I spent most of Friday working on the setting up the system for the ‘Records of Govan Old’ crowdsourcing site for Scott Spurlock.  Although it’s not completely finished things are beginning to come together.  It’s a system that’s based on the ‘Scripto’ crowdsourcing tool (http://scripto.org/) that uses Omeka and MediaWiki to manage data and versioning.  The interface I’ve set up is pretty plain at the moment but I’ve set up a couple of sample pages with placeholder text (Home and About).  It’s also possible to browse collections – currently there is only one collection (Govan old images) but this could be used to have different collections for different manuscripts, for example.  You can then view items in the collection, or from the menu choose ‘browse items’ to access all of them.

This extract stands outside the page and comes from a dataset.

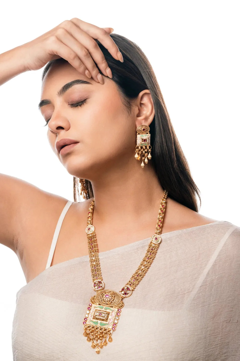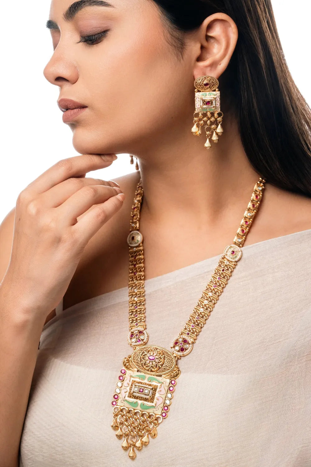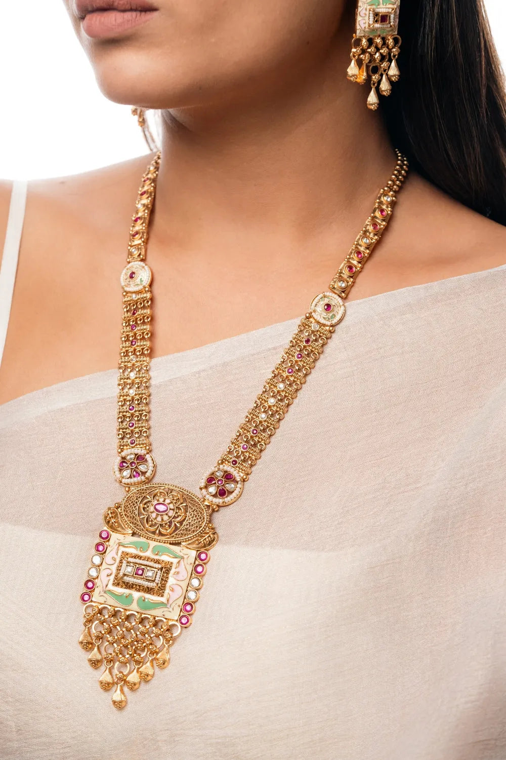 Experience elegance with the Luxe Matte Gold Enamel Square Pendant Necklace Set. Featuring intricate enamel work and gemstone accents, this matte gold-plated set includes matching drop earrings, making it perfect for any special occasion.

For now there are only two sample images in the system, which are images from a related manuscript that Scott previously gave me.  Users can create a user accounts via MediaWiki and then if you then go to the ‘Browse items’ page then select one of the images to transcribe you can view the image in a zoomable / panable image viewer, view any existing transcription that’s been made, view the history of changes made and if you press the ‘edit’ link a section will open that allows you to edit the transcription and add your own.

I’ve added in a bunch of buttons that place tags in the transcription area when they’re clicked on.  They’re TEI tags so eventually (hopefully) we’ll be able to shape the texts into valid TEI XML documents.  All updates made by users are tracked and you can view all previous versions of the transcriptions, so if anyone comes along and messes things up it’s easy to revert to an earlier version.  There’s also an admin interface where you can view the pages and ‘protect’ them, which prevents future edits being made by anyone other than admin users.

There’s still a lot to be done with this.  For example, at the moment it’s possible to add any tags and HTML to the transcription, which we want to prevent for security reasons as much as anything else.  The ‘wiki’ that sits behind the transcription interface (which you see when creating an account) is also open for users to edit and mess up so that needs to be locked down too.  I also want to update the item lists so that it displays which items have not be transcribed, which have been started and which have been ‘protected’, to make it easier for users to find something to work on.    I need to get the actual images that we’ll use in the tool before I do much more with this, I reckon.